Created by running: ``` cd tests ./generate.py --no-tls-server-certs --no-signatures --no-clientauth ```
Description
This branch adds support for verifying certificates are not revoked by consulting CRLs provided through implementations of a simple provider trait. Trust anchor revocation status is not considered.
In general I've tried to adapt to the existing webpki code without making any significant invasive changes to the path building logic. There's not a lot of test coverage in this area of the codebase and it's a tricky problem domain with many pitfalls.
Points for discussion
There are some rough edges left to be figured out as follow-up work:
Error messages for revocation related events are incorrect.
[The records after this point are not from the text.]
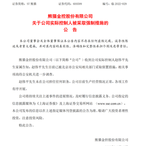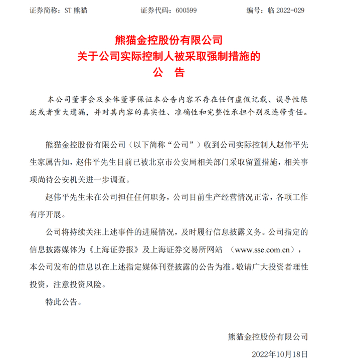 10月17日晚,ST熊猫公告,公司收到实控人赵伟平家属告知,赵伟平目前已被北京市公安局相关部门采取留置措施,相关事项尚待公安机关进一步调查。
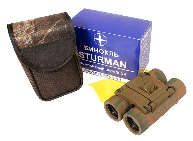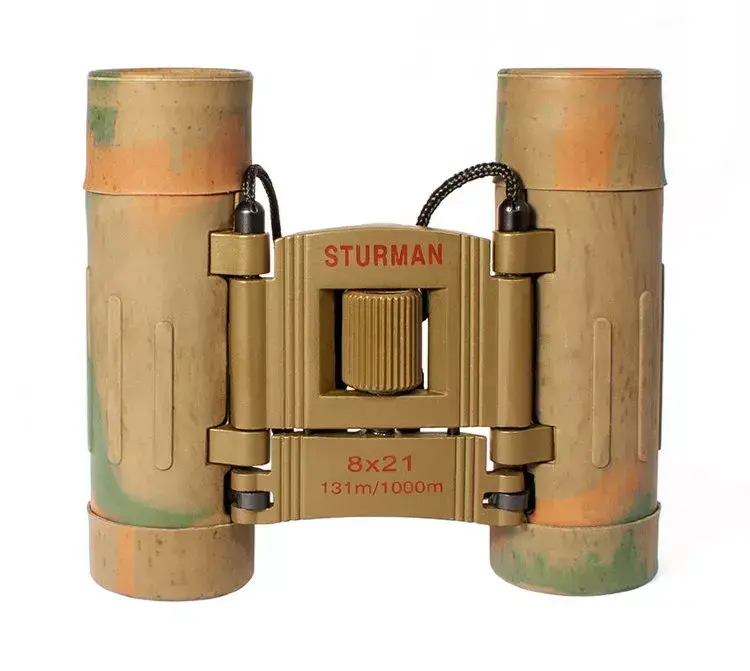 Бинокль Sturman 8x21 – это малый вес (менее 200 г) и компактность, эргономичный современный дизайн и хорошее качество картинки. Корпус спроектирован по типу «Open Hinge» или иначе «открытый шарнирный мост». Это позволяет в нерабочем состоянии удобно поместить бинокль в чехол или сумку, сложив (повернув на шарнирах) зрительные трубы к центральной оси, и минимизировать пространство для хранения.
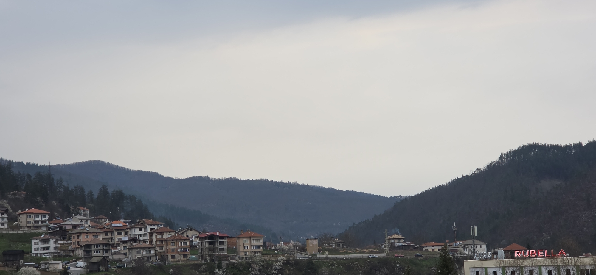 The image captures a view of Rudozem, Bulgaria, under an overcast sky
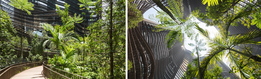The organic shape of the building complex with its iconic louvres, and the generous planting, contribute to an improvement of the microclimate and increase biodiversity. Inspired by Asian paddy field terraces, the green center formed by the four towers—with its multi-story three-dimensional gardens—reflects the diversity of tropical flora and creates a new habitat. This "Green Heart" comprises over 350 different types of trees and plants, including 700 trees, on a landscaped area of 37,000 square meters. Various types of animal become part of this biological diversity.

All error states are reported as "UnknownIssuer". See Options for improving build_chain error specificity #79
There is no enforcement of the current time being greater than the CRL's
NextUpdate. I found most implementations I surveyed chose not to treat this as a hard error so for now I've omitted any enforcement. Maybe this should be configurable?There are some optimizations left on the table. Providing a relevant CRL is handled by a trait that could do some kind of caching if desired, but the actual act of iterating the relevant CRL to find a particular serial is handled by webpki and done with a naive linear scan. Some implementations (like BoringSSL) support maintaining a sorted list to allow faster search. We can probably rework the trait to support this but it will be trickier so for now I've left the simple solution in place. Pulled out to a separate issue: CRL optimization: rework to avoid linear scan of CRL contents #80
Similarly we perform CRL signature validation per-usage instead of once up-front. Pulled out to a separate issue: CRL optimization: verify CRL signatures once, up-front. #81
None of the revocation interface/checking is exposed for server cert validation, it's strictly for client cert validation. I think that's the most important use case and we can adapt the existing code for server cert chains pretty easily once stabilized.
Related to rustls/rustls#1164, #57. Continues from #44.